There is something part-Tudor about this enterprise, from the ornate high-necked collar to the fact that the pattern looks like it could be hanging on a wall at Hampton Court (or on a throw draped casually on one of Henry VIII’s beds). It’s vibrant and a little weird — much like Ellie Kemper herself, from what I can glean, and that’s not an insult — and in all looks completely cute on her. The eye makeup might be a little heavy, though, because it’s changing the shape of her face somehow. Also, can we discuss celebrity memoirs for a moment? There are WAY TOO MANY of them, and all of them written by people fairly early on in their journeys. Ellie is promoting My Squirrel Days, which they are pegging as not a traditional memoir, but rather… a collection of essays about her life. (So… a non-linear memoir.) And her life is that of someone who grew up well-off in the Midwest and then had a lot of great career things happen to her, so… there isn’t really a hook there, unless it’s, “Hey, the lady who plays Kimmy Schmidt sure is nice.”

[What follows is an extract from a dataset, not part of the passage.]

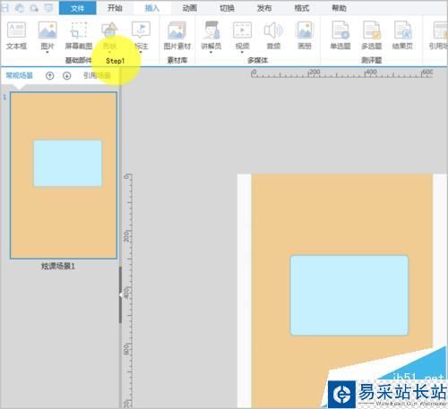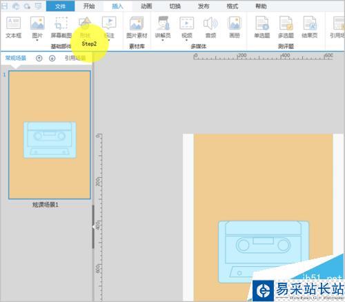 6、最后回到課件場景,添加引用場景動畫,設置場景容器為95*32px,放置在如下位置,將之前做的磁盤引用場景放到場景容器中即可。

I’ve decided that publishing should nix memoirs from anyone under, say, 55. Is that ageist? Maybe. And yes, I realize that means we’d have been denied an early read of — for example — Rob Lowe’s delight of a tome. But for the most part I think a person’s stories are best retold with as much as possible of the hindsight that age and wisdom can bring, and the younger you are and the more you still think you have to lose, the less honest you might be — with yourself or with anyone else. A friend recently brought up Amy Schumer’s book in this capacity, as that of someone with an interesting and messy backstory who lacked the distance and perspective to commit it to the page at this point in time. Or, yes, Posh Spice’s book she “wrote” about herself, Learning to Fly, was amusing. But it was also skin-deep at best; get back to me when she’s 80 and she’s ready to stick it to David and Anna Wintour and anyone else. Justin Bieber was practically still in puberty when he published the first book he supposedly penned about his life, and while I’m all for keeping a diary and remembering how you feel during the insane rise to megafame, you cannot tell me his wouldn’t be a WAY better read when he’s in his fifties and can look back at that plus all the rumors and truths of what’s happening now, and won’t care about laying it all bare. And I’d much rather have read 75-year old Amy Poehler’s musings than her hot-off-Parks-and-Rec book that frequently references how hard it is to write a book, and whether we’re bored, and whether she can stop writing yet. To me, the best and most enlightening autobiographies are often the ones from people who’ve really LIVED. The older they are, the more they’ve seen, the more they’ve reflected — and the fewer f*cks they have to give, so the juice factor will increase. They are gonna SPILL IT.

Anyway, I’d be curious to know where you fall on it, and which memoirs you think were worth not waiting for — I’m sure someone will say Tina Fey’s, although I’d heard mixed reviews on that one, too — and which would’ve benefited from space and time.